Of course, CPU utilization is not the only consideration, as the number of threads increases, memory footprint, system scheduling, number of open files, number of open sockers, number of open database links, etc.
So there’s no one-size-fits-all formula, it’s a case by case basis.
Thread pools are not a panacea
Thread pool is only a form of multithreading, so the problems that multithreading faces thread pool can not be avoided, such as deadlock problems, race condition problems and so on, about this part can also refer to the operating system related information can be answered, so the foundation is very important ah old iron people.
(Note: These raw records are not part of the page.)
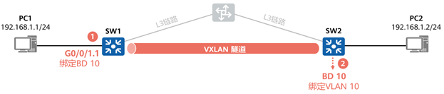 - 二层子接口方式接入,例如本例在SW1创建二层子接口关联BD 10,表示仅这个接口下的特定流量注入到BD 10。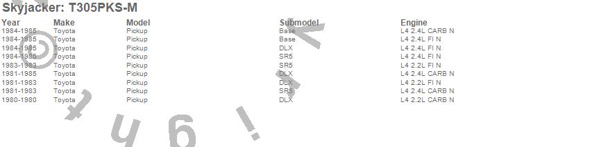 Below is an abbreviated list of applications for the Suspension Lift Kit w/Shock.Pickup, Toyota, 1985, 1984, 1983, 1982, 1981, 1980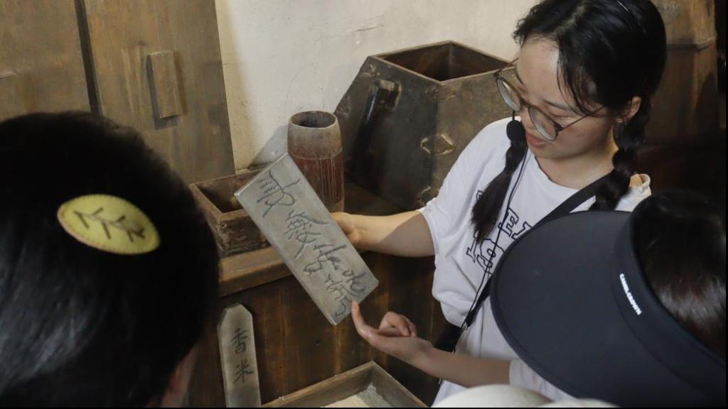 (图为讲解员为志愿者解说米行工具)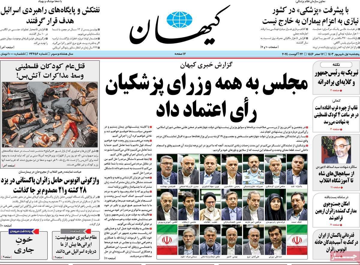 بازاب رای اعتماد مجلس به اعضای کابینه پزشکیان، تیتر اول روزنامه های امروز است.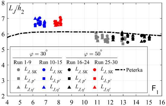 The dimensionless roller lengths LR/h2 for 50° (black symbols) smooth (Runs 16–24) and stepped (Runs 25–30) chute inflows, obtained from flow depth measurements LR,η and visual observations LR,D, are plotted against the F1 in Figure 8a and compared to the dimensionless roller lengths obtained with 30° (gray symbols) smooth (Runs 1–9) and stepped (Runs 10–15) chute inflows. One can notice that the dimensionless roller lengths LR,η/h2 (full symbols) are practically independent of the approach flow conditions or chute slope φ with a typical value of LR,η ≈ 5.0h2. Similarly to the conclusions made in [5], the visually observed roller lengths (open symbols) are consistently shorter, with typical values of LR,η ≈ 4.6h2.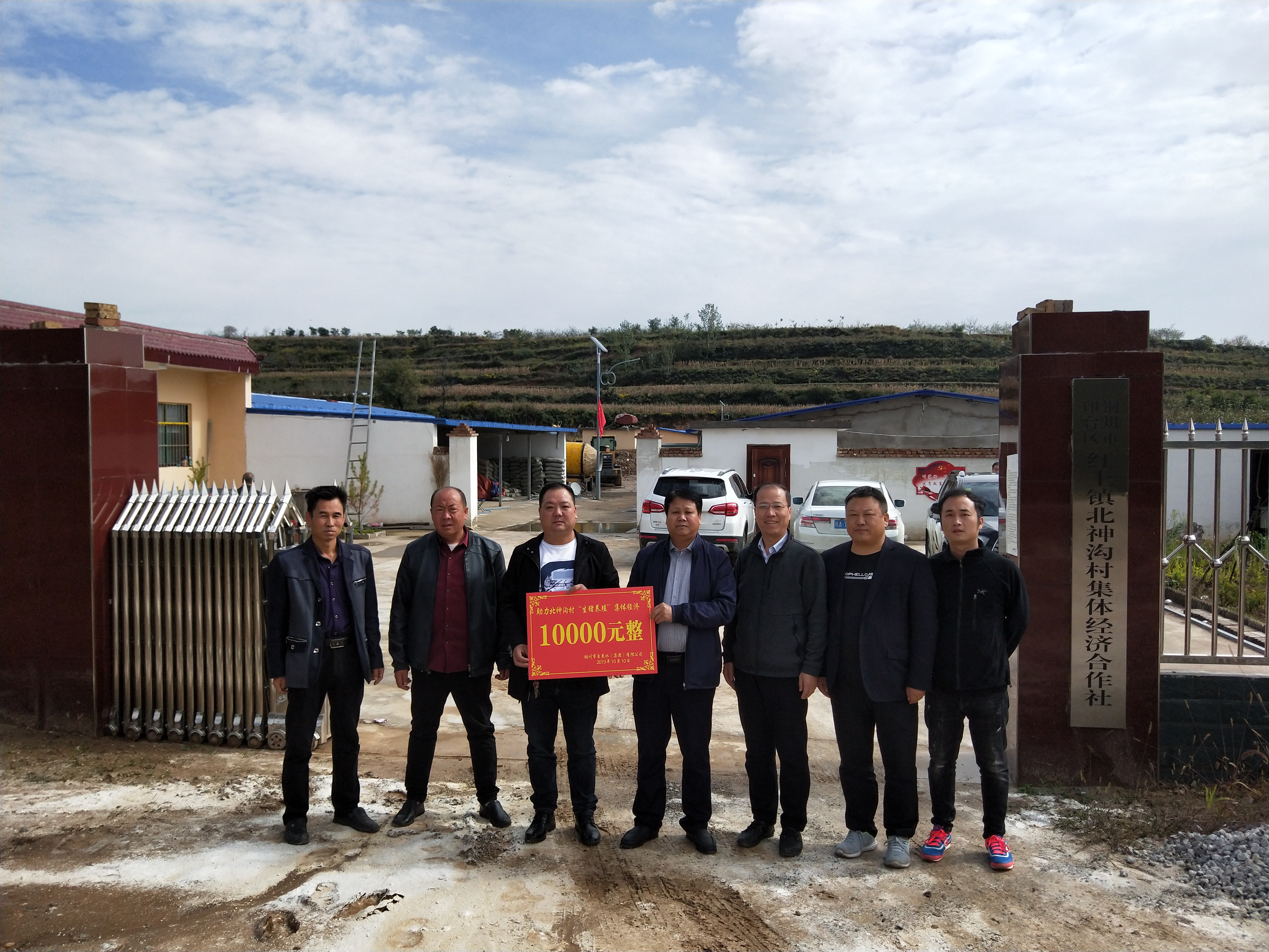 根据国务院办公厅印发的《关于稳定生猪生产促进转型升级的意见》有关精神,结合正在开展的第二批“不忘初心、牢记使命”主题教育,10月10日上午铜川市自来水(集团)有限公司党委书记、董事长纪占华一行四人前往红土镇北神沟村,为村办集体经济百顺养殖农民专业合作社送去人民币壹万元整,助力脱贫攻坚工作。

Best practices for thread pool use
Thread pool is a powerful weapon in the hands of programmers. Thread pool can be seen in almost every server of Internet companies. Before using thread pool, you need to consider:
-
Have a good understanding of your tasks, whether they are long or short, CPU intensive or I/O intensive, and if they are both, then it might be better to put both types of tasks in separate thread pools so that you can better determine the number of threads
-
If a task in the thread pool has I/O operations, it is important to set a timeout for that task, otherwise the thread processing the task may block forever
-
Tasks in the thread pool are best not to wait synchronously for the results of other tasks
conclusion
In this section, we start with the CPU and work our way through the common thread pools, from bottom to top, from hardware to software. Note that there are no specific programming languages in this article, and threads are not a language concept (again, not user-mode threads), but once you really understand threads and believe that you can use them in any language, you need to understand the tao and then the art.
Write in the last
Welcome to pay attention to my public number [calm as code], massive Java related articles, learning materials will be updated in it, sorting out the data will be placed in it.
If you think it’s written well, click a “like” and add a follow! Point attention, do not get lost, continue to update!!